À un moment donné, il fait frais, le soleil se couche et nous nous rendons compte que l'après-midi est terminé et qu'une fois de plus, nous n'avons rien fait, mais que nous sommes heureux. Hanso nous dit au revoir et nous donne encore quelques conseils sur la manière de visiter les environs. Promptement, un autre cavalier passe avec quatre chevaux en laisse. Nous sommes toujours très heureux de la gentillesse des locaux. En Allemagne, sommes-nous aussi aimables avec les gitans ou les voyageurs ?

Maintenant, rentrez dans le Bulli bien au chaud, je manie la cuillère de cuisine et Marc passe des coups de fil à travers l'histoire du monde.

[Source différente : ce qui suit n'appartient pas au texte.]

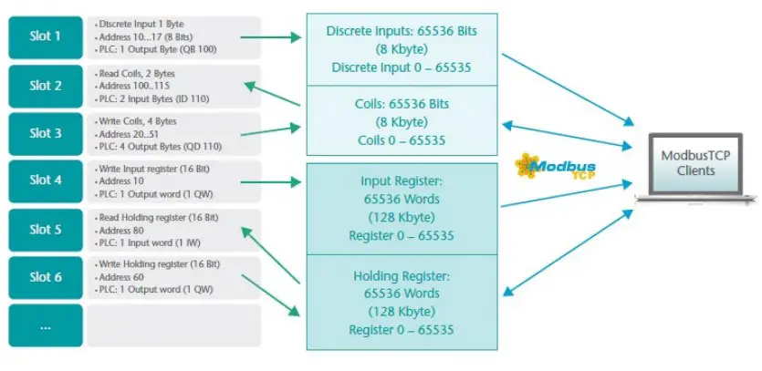 From the point of view of ModbusTCP communication, all coils, inputs and registers are always available in the PN/ModbusTCP coupler. So it is always possible to access all data types from address 0-65535. Via the PROFINET configuration the ModbusTCP data can be assigned to the PLC I/O image in the slots, which are required in the PLC program. Up to 300 slots are available in the PN/ModbusTCP coupler for such assignments.

Complément du rédacteur en chef : Hanso semble faire certaines choses correctement. Il se réjouit visiblement d'une communication positive. Celle-ci lui ferait très souvent défaut ici. Lorsque les hivernants allemands arrivent, ils ont en général peu de sujets positifs. L'endroit où se trouve le magasin Aldi ou Lidl le plus proche est souvent plus important que le bon bistrot ou les curiosités touristiques à proximité. Hanso semble en revanche explorer d'autant plus la région. Sa "mobylette" a presque 150 000 kilomètres au compteur. O.k. La machine était d'occasion, son prédécesseur en a parcouru 6000. - Moi aussi, je remarque souvent que les gens se focalisent toujours sur les choses négatives. - Mais nous y reviendrons demain.